> SUPPLIED DATA:
_ _ _ _ _ _ _

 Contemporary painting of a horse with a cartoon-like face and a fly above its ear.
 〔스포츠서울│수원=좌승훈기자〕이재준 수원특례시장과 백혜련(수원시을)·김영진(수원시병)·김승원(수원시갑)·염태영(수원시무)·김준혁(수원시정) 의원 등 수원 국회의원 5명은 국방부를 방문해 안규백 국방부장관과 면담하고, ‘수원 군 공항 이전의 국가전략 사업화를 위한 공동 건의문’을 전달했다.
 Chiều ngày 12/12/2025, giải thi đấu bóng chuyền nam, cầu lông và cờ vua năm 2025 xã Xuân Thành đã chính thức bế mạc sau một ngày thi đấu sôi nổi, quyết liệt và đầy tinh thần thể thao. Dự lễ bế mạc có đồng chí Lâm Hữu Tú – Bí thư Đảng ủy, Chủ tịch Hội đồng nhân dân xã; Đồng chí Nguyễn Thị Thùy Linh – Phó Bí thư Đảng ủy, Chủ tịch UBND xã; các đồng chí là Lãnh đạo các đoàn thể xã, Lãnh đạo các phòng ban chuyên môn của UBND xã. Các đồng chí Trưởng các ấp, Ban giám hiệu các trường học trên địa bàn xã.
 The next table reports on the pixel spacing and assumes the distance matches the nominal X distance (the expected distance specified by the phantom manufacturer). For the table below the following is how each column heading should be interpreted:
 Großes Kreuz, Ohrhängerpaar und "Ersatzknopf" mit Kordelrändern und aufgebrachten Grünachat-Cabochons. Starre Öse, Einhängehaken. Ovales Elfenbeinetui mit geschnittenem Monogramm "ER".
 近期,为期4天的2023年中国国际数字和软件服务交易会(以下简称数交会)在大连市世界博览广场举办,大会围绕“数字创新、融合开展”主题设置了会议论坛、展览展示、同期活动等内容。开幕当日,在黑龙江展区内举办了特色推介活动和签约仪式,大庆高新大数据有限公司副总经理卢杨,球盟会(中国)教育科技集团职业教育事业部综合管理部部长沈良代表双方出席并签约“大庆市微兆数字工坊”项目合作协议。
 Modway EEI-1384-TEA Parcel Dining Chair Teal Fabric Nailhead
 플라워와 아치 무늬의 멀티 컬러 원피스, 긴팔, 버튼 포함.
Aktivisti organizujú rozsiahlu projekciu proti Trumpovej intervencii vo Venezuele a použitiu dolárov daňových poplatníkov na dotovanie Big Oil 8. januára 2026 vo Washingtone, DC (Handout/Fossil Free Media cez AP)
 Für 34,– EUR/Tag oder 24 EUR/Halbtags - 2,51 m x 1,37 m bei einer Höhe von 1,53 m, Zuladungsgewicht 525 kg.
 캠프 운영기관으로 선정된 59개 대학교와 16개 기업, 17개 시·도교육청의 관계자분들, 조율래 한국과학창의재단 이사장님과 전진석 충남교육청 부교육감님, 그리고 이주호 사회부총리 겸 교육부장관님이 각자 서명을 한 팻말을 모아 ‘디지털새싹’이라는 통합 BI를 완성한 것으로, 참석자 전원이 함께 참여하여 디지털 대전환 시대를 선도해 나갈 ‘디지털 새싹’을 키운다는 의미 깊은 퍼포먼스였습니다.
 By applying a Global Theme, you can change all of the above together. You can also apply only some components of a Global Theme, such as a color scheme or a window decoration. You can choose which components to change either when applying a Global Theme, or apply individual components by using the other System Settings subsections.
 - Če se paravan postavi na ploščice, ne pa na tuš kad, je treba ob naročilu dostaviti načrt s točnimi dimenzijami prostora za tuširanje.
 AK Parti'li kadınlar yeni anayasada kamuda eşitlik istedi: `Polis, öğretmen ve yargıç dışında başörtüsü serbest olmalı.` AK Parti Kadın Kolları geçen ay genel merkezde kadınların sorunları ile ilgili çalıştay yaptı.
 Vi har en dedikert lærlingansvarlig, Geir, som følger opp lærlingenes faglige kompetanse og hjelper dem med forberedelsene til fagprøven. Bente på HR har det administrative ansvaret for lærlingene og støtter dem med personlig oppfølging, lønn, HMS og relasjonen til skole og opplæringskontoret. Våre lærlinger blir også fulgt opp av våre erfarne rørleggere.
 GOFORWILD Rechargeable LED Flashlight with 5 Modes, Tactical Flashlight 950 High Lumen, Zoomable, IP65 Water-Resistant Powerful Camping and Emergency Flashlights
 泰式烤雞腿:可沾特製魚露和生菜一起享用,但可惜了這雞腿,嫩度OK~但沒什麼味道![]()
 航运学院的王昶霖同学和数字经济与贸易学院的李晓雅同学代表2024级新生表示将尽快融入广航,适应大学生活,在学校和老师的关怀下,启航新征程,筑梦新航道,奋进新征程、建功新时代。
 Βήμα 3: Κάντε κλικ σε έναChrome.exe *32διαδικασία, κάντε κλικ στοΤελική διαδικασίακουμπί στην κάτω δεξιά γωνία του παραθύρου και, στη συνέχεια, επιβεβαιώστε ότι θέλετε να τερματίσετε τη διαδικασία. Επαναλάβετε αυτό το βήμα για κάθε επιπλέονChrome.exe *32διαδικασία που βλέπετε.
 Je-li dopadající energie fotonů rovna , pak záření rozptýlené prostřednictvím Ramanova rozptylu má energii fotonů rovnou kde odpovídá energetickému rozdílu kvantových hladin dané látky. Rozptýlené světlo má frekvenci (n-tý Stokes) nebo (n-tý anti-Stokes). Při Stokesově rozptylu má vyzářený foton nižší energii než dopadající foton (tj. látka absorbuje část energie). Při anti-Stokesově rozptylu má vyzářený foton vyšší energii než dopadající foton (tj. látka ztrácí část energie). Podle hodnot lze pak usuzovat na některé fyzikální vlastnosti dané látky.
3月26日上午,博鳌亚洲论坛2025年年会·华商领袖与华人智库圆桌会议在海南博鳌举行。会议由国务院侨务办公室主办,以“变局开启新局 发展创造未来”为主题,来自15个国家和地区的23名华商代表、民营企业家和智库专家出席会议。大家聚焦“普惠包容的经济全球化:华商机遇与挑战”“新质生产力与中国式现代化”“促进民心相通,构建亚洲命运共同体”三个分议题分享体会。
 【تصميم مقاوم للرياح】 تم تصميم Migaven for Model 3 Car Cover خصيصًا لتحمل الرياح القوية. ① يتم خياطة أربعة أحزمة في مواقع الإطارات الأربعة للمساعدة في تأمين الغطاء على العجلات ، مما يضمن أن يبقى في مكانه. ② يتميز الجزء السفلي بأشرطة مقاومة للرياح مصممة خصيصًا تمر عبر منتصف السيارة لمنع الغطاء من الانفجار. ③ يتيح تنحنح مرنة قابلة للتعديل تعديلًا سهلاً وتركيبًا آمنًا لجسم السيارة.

_ _ _ _ _ _ _

> TASK BRIEF:
Repeat every record above precisely.

> ANSWER SPACE:
 Contemporary painting of a horse with a cartoon-like face and a fly above its ear.
 〔스포츠서울│수원=좌승훈기자〕이재준 수원특례시장과 백혜련(수원시을)·김영진(수원시병)·김승원(수원시갑)·염태영(수원시무)·김준혁(수원시정) 의원 등 수원 국회의원 5명은 국방부를 방문해 안규백 국방부장관과 면담하고, ‘수원 군 공항 이전의 국가전략 사업화를 위한 공동 건의문’을 전달했다.
 Chiều ngày 12/12/2025, giải thi đấu bóng chuyền nam, cầu lông và cờ vua năm 2025 xã Xuân Thành đã chính thức bế mạc sau một ngày thi đấu sôi nổi, quyết liệt và đầy tinh thần thể thao. Dự lễ bế mạc có đồng chí Lâm Hữu Tú – Bí thư Đảng ủy, Chủ tịch Hội đồng nhân dân xã; Đồng chí Nguyễn Thị Thùy Linh – Phó Bí thư Đảng ủy, Chủ tịch UBND xã; các đồng chí là Lãnh đạo các đoàn thể xã, Lãnh đạo các phòng ban chuyên môn của UBND xã. Các đồng chí Trưởng các ấp, Ban giám hiệu các trường học trên địa bàn xã.
 The next table reports on the pixel spacing and assumes the distance matches the nominal X distance (the expected distance specified by the phantom manufacturer). For the table below the following is how each column heading should be interpreted:
 Großes Kreuz, Ohrhängerpaar und "Ersatzknopf" mit Kordelrändern und aufgebrachten Grünachat-Cabochons. Starre Öse, Einhängehaken. Ovales Elfenbeinetui mit geschnittenem Monogramm "ER".
 近期,为期4天的2023年中国国际数字和软件服务交易会(以下简称数交会)在大连市世界博览广场举办,大会围绕“数字创新、融合开展”主题设置了会议论坛、展览展示、同期活动等内容。开幕当日,在黑龙江展区内举办了特色推介活动和签约仪式,大庆高新大数据有限公司副总经理卢杨,球盟会(中国)教育科技集团职业教育事业部综合管理部部长沈良代表双方出席并签约“大庆市微兆数字工坊”项目合作协议。
 Modway EEI-1384-TEA Parcel Dining Chair Teal Fabric Nailhead
 플라워와 아치 무늬의 멀티 컬러 원피스, 긴팔, 버튼 포함.
Aktivisti organizujú rozsiahlu projekciu proti Trumpovej intervencii vo Venezuele a použitiu dolárov daňových poplatníkov na dotovanie Big Oil 8. januára 2026 vo Washingtone, DC (Handout/Fossil Free Media cez AP)
 Für 34,– EUR/Tag oder 24 EUR/Halbtags - 2,51 m x 1,37 m bei einer Höhe von 1,53 m, Zuladungsgewicht 525 kg.
 캠프 운영기관으로 선정된 59개 대학교와 16개 기업, 17개 시·도교육청의 관계자분들, 조율래 한국과학창의재단 이사장님과 전진석 충남교육청 부교육감님, 그리고 이주호 사회부총리 겸 교육부장관님이 각자 서명을 한 팻말을 모아 ‘디지털새싹’이라는 통합 BI를 완성한 것으로, 참석자 전원이 함께 참여하여 디지털 대전환 시대를 선도해 나갈 ‘디지털 새싹’을 키운다는 의미 깊은 퍼포먼스였습니다.
 By applying a Global Theme, you can change all of the above together. You can also apply only some components of a Global Theme, such as a color scheme or a window decoration. You can choose which components to change either when applying a Global Theme, or apply individual components by using the other System Settings subsections.
 - Če se paravan postavi na ploščice, ne pa na tuš kad, je treba ob naročilu dostaviti načrt s točnimi dimenzijami prostora za tuširanje.
 AK Parti'li kadınlar yeni anayasada kamuda eşitlik istedi: `Polis, öğretmen ve yargıç dışında başörtüsü serbest olmalı.` AK Parti Kadın Kolları geçen ay genel merkezde kadınların sorunları ile ilgili çalıştay yaptı.
 Vi har en dedikert lærlingansvarlig, Geir, som følger opp lærlingenes faglige kompetanse og hjelper dem med forberedelsene til fagprøven. Bente på HR har det administrative ansvaret for lærlingene og støtter dem med personlig oppfølging, lønn, HMS og relasjonen til skole og opplæringskontoret. Våre lærlinger blir også fulgt opp av våre erfarne rørleggere.
 GOFORWILD Rechargeable LED Flashlight with 5 Modes, Tactical Flashlight 950 High Lumen, Zoomable, IP65 Water-Resistant Powerful Camping and Emergency Flashlights
 泰式烤雞腿:可沾特製魚露和生菜一起享用,但可惜了這雞腿,嫩度OK~但沒什麼味道![]()
 航运学院的王昶霖同学和数字经济与贸易学院的李晓雅同学代表2024级新生表示将尽快融入广航,适应大学生活,在学校和老师的关怀下,启航新征程,筑梦新航道,奋进新征程、建功新时代。
 Βήμα 3: Κάντε κλικ σε έναChrome.exe *32διαδικασία, κάντε κλικ στοΤελική διαδικασίακουμπί στην κάτω δεξιά γωνία του παραθύρου και, στη συνέχεια, επιβεβαιώστε ότι θέλετε να τερματίσετε τη διαδικασία. Επαναλάβετε αυτό το βήμα για κάθε επιπλέονChrome.exe *32διαδικασία που βλέπετε.
 Je-li dopadající energie fotonů rovna , pak záření rozptýlené prostřednictvím Ramanova rozptylu má energii fotonů rovnou kde odpovídá energetickému rozdílu kvantových hladin dané látky. Rozptýlené světlo má frekvenci (n-tý Stokes) nebo (n-tý anti-Stokes). Při Stokesově rozptylu má vyzářený foton nižší energii než dopadající foton (tj. látka absorbuje část energie). Při anti-Stokesově rozptylu má vyzářený foton vyšší energii než dopadající foton (tj. látka ztrácí část energie). Podle hodnot lze pak usuzovat na některé fyzikální vlastnosti dané látky.
3月26日上午,博鳌亚洲论坛2025年年会·华商领袖与华人智库圆桌会议在海南博鳌举行。会议由国务院侨务办公室主办,以“变局开启新局 发展创造未来”为主题,来自15个国家和地区的23名华商代表、民营企业家和智库专家出席会议。大家聚焦“普惠包容的经济全球化:华商机遇与挑战”“新质生产力与中国式现代化”“促进民心相通,构建亚洲命运共同体”三个分议题分享体会。
 【تصميم مقاوم للرياح】 تم تصميم Migaven for Model 3 Car Cover خصيصًا لتحمل الرياح القوية. ① يتم خياطة أربعة أحزمة في مواقع الإطارات الأربعة للمساعدة في تأمين الغطاء على العجلات ، مما يضمن أن يبقى في مكانه. ② يتميز الجزء السفلي بأشرطة مقاومة للرياح مصممة خصيصًا تمر عبر منتصف السيارة لمنع الغطاء من الانفجار. ③ يتيح تنحنح مرنة قابلة للتعديل تعديلًا سهلاً وتركيبًا آمنًا لجسم السيارة.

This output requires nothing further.